It’s a sombre payday weekend for most people as the doors of liquor retailers remain shuttered despite calls for the end of South Africa’s contentious ban on the sale of alcohol.

At the heart of the dry throats is the government’s reinstated alcohol ban this month that came with no warning after the first one was briefly lifted last month. A spike in trauma cases related to alcohol consumption led to the reinstatement of the ban following fears that hospital beds that could be going to Covid-19 patients ahead of the spike will not be available. 

South Africa is expected to reach its peak in Covid-19 cases in September after crossing the 400 000 case mark this week.  

The ban has seen distress suffered by big alcohol producers such as Distell, AbInbev all the way through to tavern owners and restaurateurs.
But the impact is also great down the value chain as glass makers keep their furnaces burning in the hopes that the ban can be lifted and they can begin to start clawing back the revenue they are losing.

At Consol Glass, the cost of the ban has been too high and is threatening to bring the 75-year old company to its knees. 

Consol lost R3.5bn in sales and production during the first alcohol ban.  

Every day, the glass producer has to keep its furnaces running, it costs some R8 million a day.

Turning the furnaces off means they will have to be rebuilt.

Although the company continues to generate revenue by producing glass for essential products such as containers for food, pharmaceuticals and non-alcoholic beverages, this only accounts for 15% of its total sales.

South Africa’s glass packaging industry’s sales are made up 85% legal alcoholic beverages. 

“We estimate the reinstated alcohol ban will have the same dire consequences as the first ban, another eight weeks of no sales means another R1.35bn lost to the business and the possibility of the closure of around half our facilities as well as further salary sacrifices and short time for employees,” said Mike Arnold, CEO of Consol Glass.
Arnold said the industry needs to run at rates of 75% or higher to pay staff suppliers in the glass manufacturing supply chain. 

The industry contributes R11.8 billion to the country’s GDP and employs more than 26 000 people.

“The closure of the glass industry and failure of suppliers in the value chain would deindustrialise the South African economy by around R20 billion and the country would have to become a net importer of glass packaging and other related products,” Arnold said. 

The ban has also placed glass industry suppliers of raw materials such as silica sand, limestone, soda ash, feldspar, iron slag and cullet at risk.

For Isanti Glass, the conclusion of its acquisition of 60% of Nampak’s glass business was meant to be a fresh start.

But instead of celebrating, the company has to deal with the reality that it may have to close down at the end of August.
Isanti finalised its acquisition of Nampak Glass in April through a joint venture with AB Inbev subsidiary, South African Breweries.

Together with Consol and Isanti makes up SA’s largest glass producers.

And like Consol, the company spends R8 million a day to keep its furnaces going, rebuilding its nine furnaces would cost R500 million, said Shakes Matiwaza managing director of Isanti.  

“We understand where government is coming from, there is this delicate balance between saving lives and livelihoods. Obviously alcohol has its own negative side in terms of trauma cases that go up when people are out drinking.”

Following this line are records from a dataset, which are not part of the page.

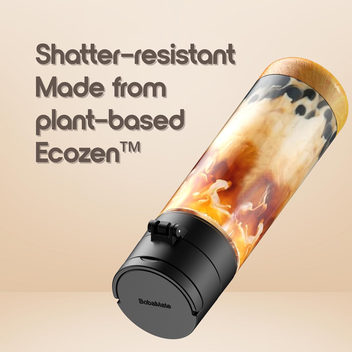 - ✅ SHATTER-RESISTANT & ECO-FRIENDLY – Crafted from BPA-free plant-based Ecozen, this reusable boba tumbler is built to last. It mimics the sleek look of glass but resists cracks and breaks—perfect for daily use while reducing plastic waste.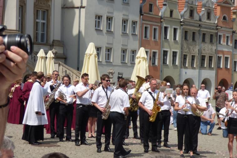 Po Mszy św. wyruszyła procesja, z udziałem wiernych z legnickich parafii, duchowieństwa, sióstr zakonnych, alumnów seminarium, chóru katedralnego, orkiestry, przeszła ulicami miasta, zmierzając do sanktuarium św. Jacka, w którym przechowywane są Relikwie Ciała Pańskiego.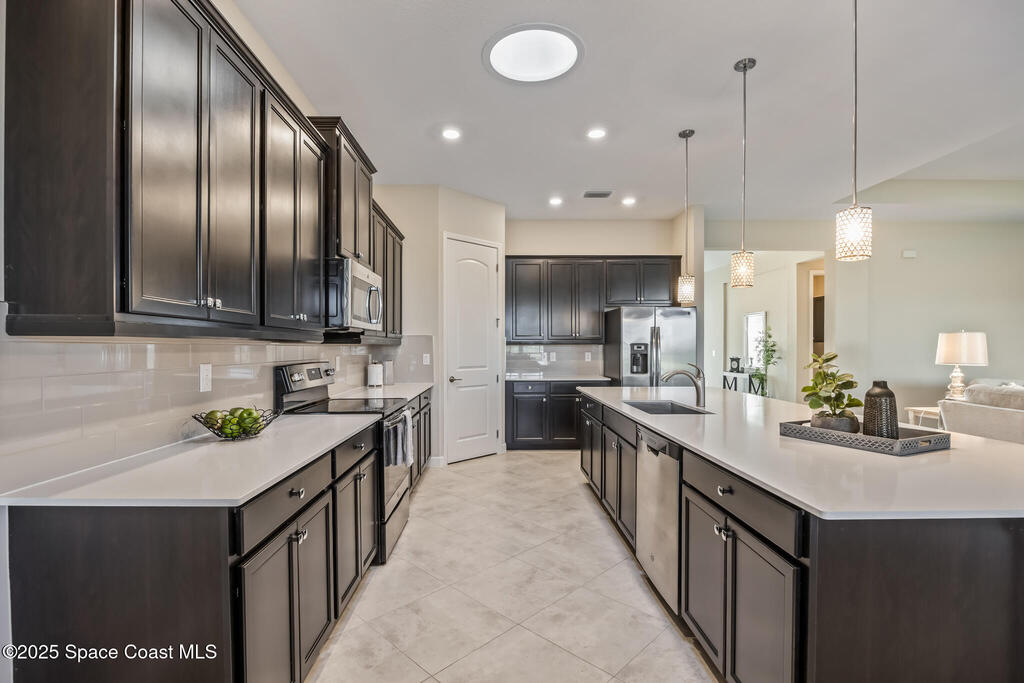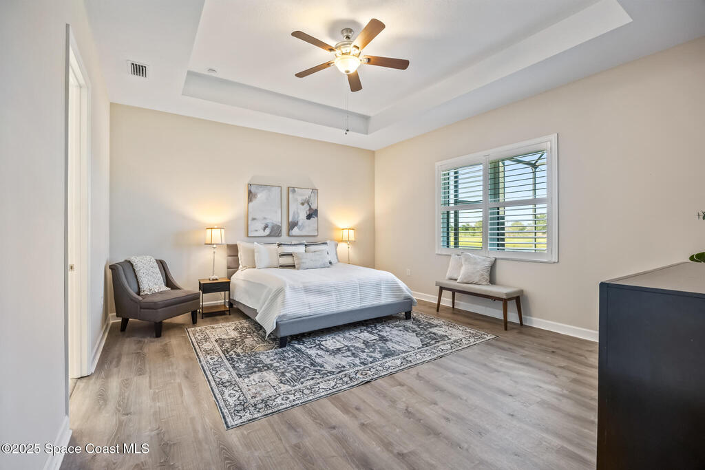 Welcome to this stunning Summerville floor plan, where modern comfort meets true Florida living. Designed for effortless entertaining & everyday enjoyment, this home offers a bright, open layout filled with natural sunlight. Step inside to find a spacious great room seamlessly connected to the dining area & a chef-inspired kitchen featuring an expansive island, sleek modern appliances, & ample cabinetry. Just beyond the great room, sliding glass doors lead to your covered oversized lanai with supreme lake views. This thoughtful layout includes a second master guest suite, providing a private retreat for visiting family & friends, complete with its own full bathroom. Across the foyer, you'll find an office or 4th bedroom, an additional guest bedroom, and a second full bath. The primary master suite is a true sanctuary, offering a spacious bedroom, dual walk-in closets enhanced with custom shelving and motion-sensor lighting, and a

However, he suggested that South Africa rather have a restriction on the consumption of alcohol, saying it will take years to recover from the long term effects of the ban.

Although it has sold its glass business packaging company Nampak, will not get out of the pandemic unscathed.

Erik Smuts, CEO of Nampak said the primary impact of Covid-19 on the company is on its product lines related to packaging.

Smuts said he expects the pandemic to put Nampak’s profitability under pressure.

Nampak’s remaining businesses are in plastics, paper and metal.

“While most of our operations continued to operate, the prohibition of alcoholic beverage sales in South Africa, a general shift towards preserving cash by customers and softer demand for goods considered non-essential have negatively impacted on the utilisation of key operations.

 “As a result, average factory utilisation levels were significantly below normal seasonally adjusted levels as of April 2020.”